“If it bleeds it leads,” I thought as my professor barricaded me and 20 other students in her office; an armed man was running around our college town’s sewage system, and we were locking down. Emergency alert texts from Indiana University warned that he could emerge from the storm drain by the building we were in. 

It’s an unsavory fundamental of journalism: You run toward the bloodshed while everyone else tries to escape it. As a young journalist, I’ve reported consistently on gun violence. But now, it was my turn to hide. 

Students look at their phones while locked down inside a professors' office
The writer took this photo in her professor’s office during the lockdown. Courtesy of Mary Claire Molloy

The air was warm, almost sticky from our collective breath. Every head was down, sending or receiving updates, scouring social media for tidbits of information, anything about this potential shooter’s location. At one point, a photo of a man on Snapchat holding a large gun stirred the room. Only later did we find out he was a member of law enforcement, not the barefoot, half-naked suspect in the sewer. But in that moment, we knew nothing except Columbine, Sandy Hook, Parkland, Uvalde. These shootings follow a script, and Bloomington, Indiana, might have been the next line in the never-ending story of American carnage.

I was 20 years old when I covered my first mass shooting as a freelancer for The Washington Post. The year before, I left a murder scene with a shooting victim’s blood on my shoes (my mom, to no avail, tried to wash off the stains). And before that, at 18, my first journalism byline was for The Trace’s national reporting project, “Since Parkland.” 

The project was led by student journalists from around the country who wrote nearly 1,200 obituaries for every American child and teenager shot and killed from 2018 to 2019. Week after week, a grim cycle revealed itself: A young person alive on Monday would be dead by Friday’s deadline. We told the stories of victims forgotten after the 24/7 news cycle, focusing on who they were in life, not just how they died.

By phone, I interviewed family members of the dead from my high school library.
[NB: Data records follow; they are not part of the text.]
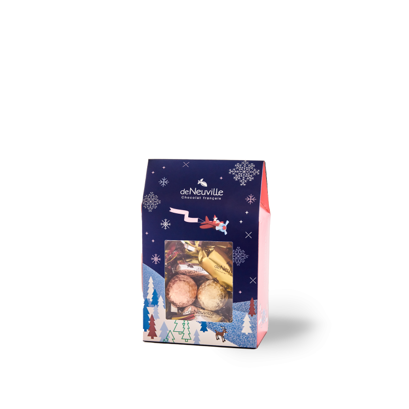 La magie de Noël à portée de petites mains ! Notre Etui de Noël pour enfant De Neuville est le compagnon idéal pour les jeunes gourmands. Il est garni d'un assortiment malicieux de papillotes et de boules en chocolat noir et au lait, des classiques indémodables qui font toujours mouche. Ce petit écrin festif est conçu pour les enfants, avec des saveurs qu'ils adorent et une présentation qui les émerveille. Le cadeau de Noël parfait pour glisser sous le sapin ou dans les chaussettes. Offrir du chocolat n'a jamais été aussi amusant !
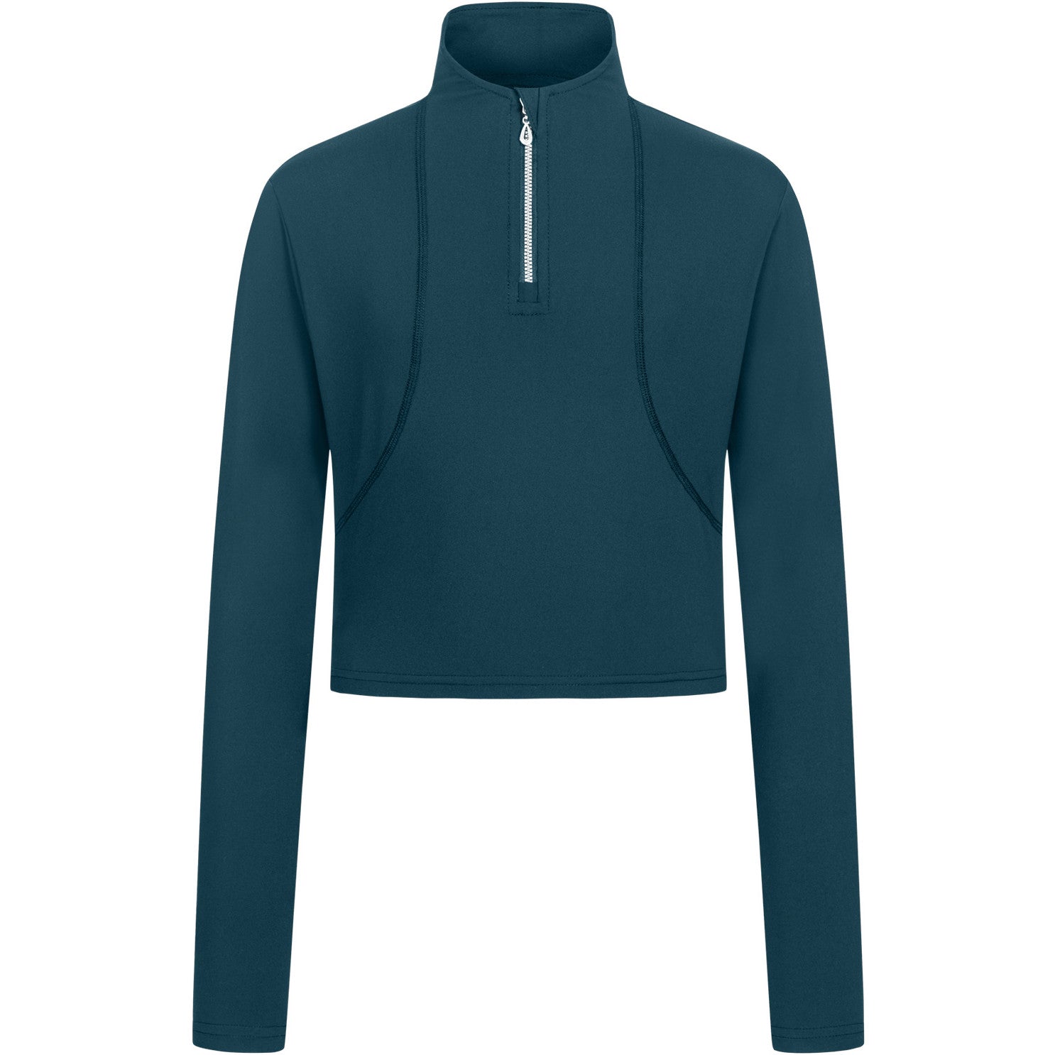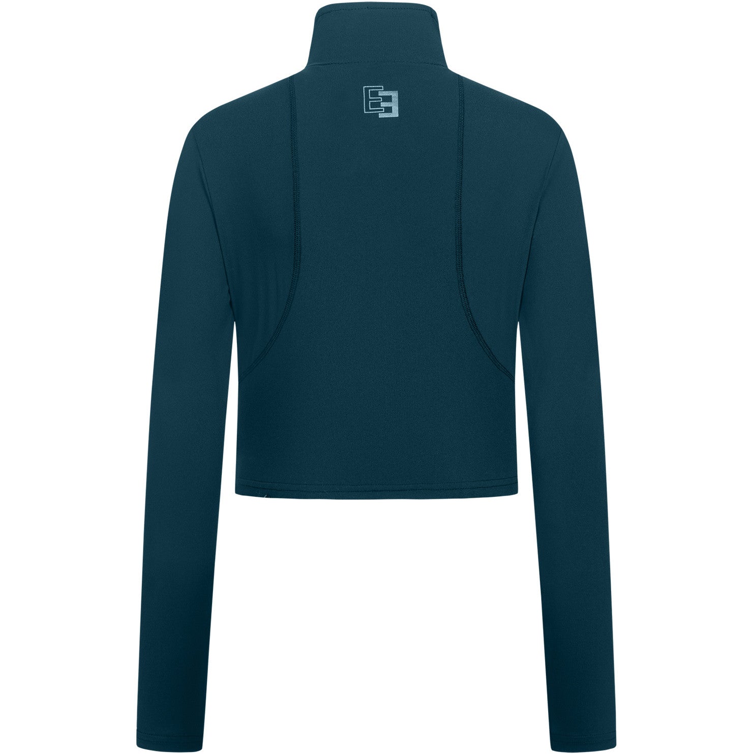The ELT Teens Alina Functional Shirt offers a loose, cropped fit designed for comfort and ease of movement. Crafted from breathable technical fabric, it ensures optimal ventilation during activity. Featuring a stand-up collar with a zip and chin guard, it provides added protection and a sleek look. Subtle logo prints on the right sleeve and upper back add a professional touch to this functional garment. Ideal for young riders seeking performance and style in one.
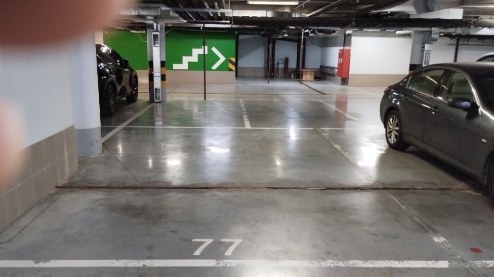 Паркомісце надзвичайно просторе. Відноситься до когорти найбільших в комплексі за розмірами паркомісць на одне авто. Паркуватись легко навіть початківцю. Виходи на вулицю та до ліфту поряд, див. фото паркомісця.
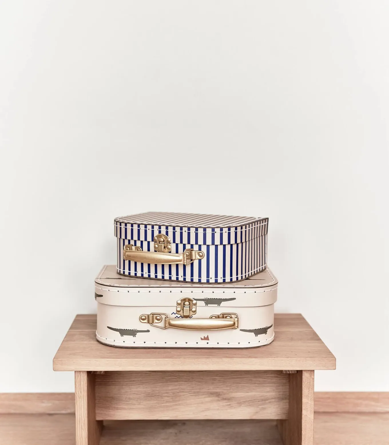 De klassieke koffer mag in geen enkele kinderkamer ontbreken. Het kind zal dol zijn op spelen en het organiseren van hun favoriete speelgoed in de schattige koffertjes met een lieve print. Wordt geleverd in een set van twee, in twee verschillende maten.
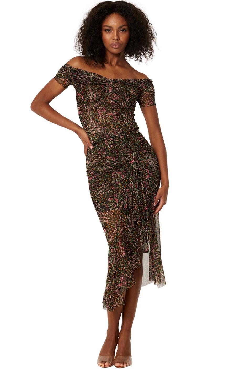 The Ria skirt is a standout silhouette for your next date night. Cut in a floral bouquet printed mesh, this figure-flattering skirt features an asymmetric skirt with side-tie detail that can be adjusted for comfort. Pair with the coordinating Sandy bodysuit for an elevated look.Made in the USA Dry Clean 95% Polyester 5% SpandexModel Measurements: Height 5'9", Waist 23, Bust 32, Hips 34.5 Model is wearing size XS
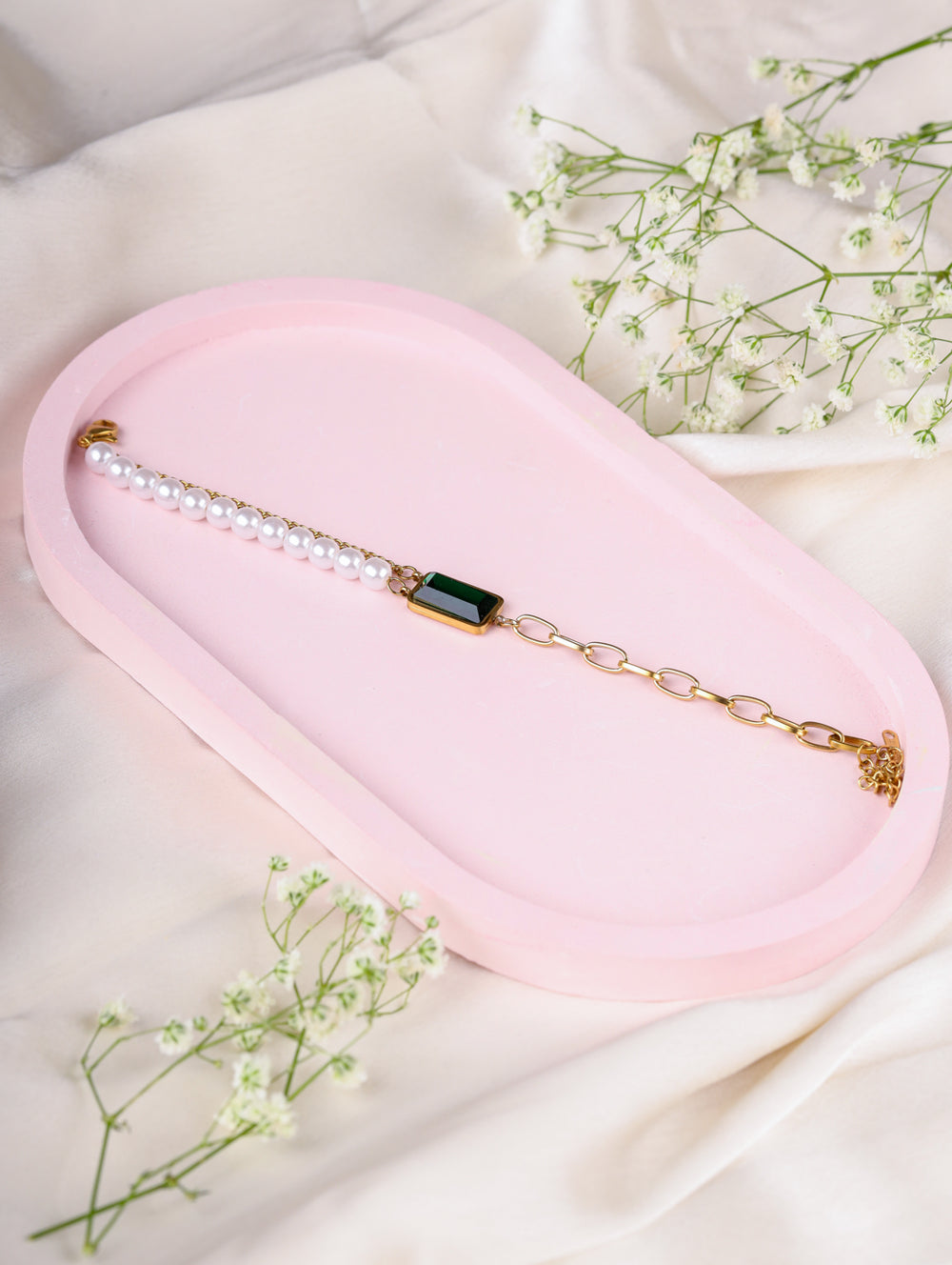 | Design: | Half pearl strand with rectangular emerald green charm |

In September of senior year, my third-period class emptied as classmates attended the funeral of a brother and sister shot by their father in a murder-suicide one town over. My stomach dropped when I read their names on my weekly assignment spreadsheet.

I had 100 words to capture their lives:

He was known for playing practical jokes and being mischievous with family. A friend who enjoyed his laughter cited him as an inspiration, a “loving and compassionate human being.”

He loved fishing, reading, and, most of all, tennis. He adored playing for Zionsville High School, especially because of the camaraderie he had with teammates.

On Sept. 21, 2018, Harrison Fredric Hunn, 15, along with his sister Shelby Hunn, was shot in his sleep by his father in Zionsville, Indiana. The same week as his funeral, his tennis teammates dedicated the sectional title win to his honor.

That work — their names — flashed before me as I sat on the floor of my professor’s office, enduring the long minutes of lockdown. “If the worst happens,” I thought, “who will write my obituary?”

We were evacuated from the building an hour or so later. But the adrenaline didn’t wear off until the next day. I woke up feeling like I had just been swimming in the ocean, clobbered by waves. I was sore from yesterday’s fears. 

In the end, as my professor wrote in USA TODAY, our lockdown wasn’t particularly newsworthy. Though the armed man threatened police with a gun, no shots were fired. No one died. After the suspect was apprehended, officers found a machete, scythe, and rifle cartridges in the sewer, but no gun. Still, lives were interrupted. Dark imaginations — or memories — were activated as an entire town feared the worst. And in the fortunate absence of death, a complicated trauma set in. 

I know from my work and this helpless experience that we need reporting that captures the various effects of gun violence, particularly on this generation, which grew up with more school shootings and lockdown drills than any generation before. When the carnage can be seen, we’re more willing to witness the reverberations; we want to know how the story ends. But what about the living? Who is accounting for the injured, the survivors, the young people who live with the knowledge that their lives can be threatened by gun violence at any moment? Who keeps track of the “lucky” ones?

As a reporter, I’m accustomed to not having an answer. But I do know one thing: This is a compounding, expanding, borderless pattern. Last month, it was my school. This month, it will be someone else’s.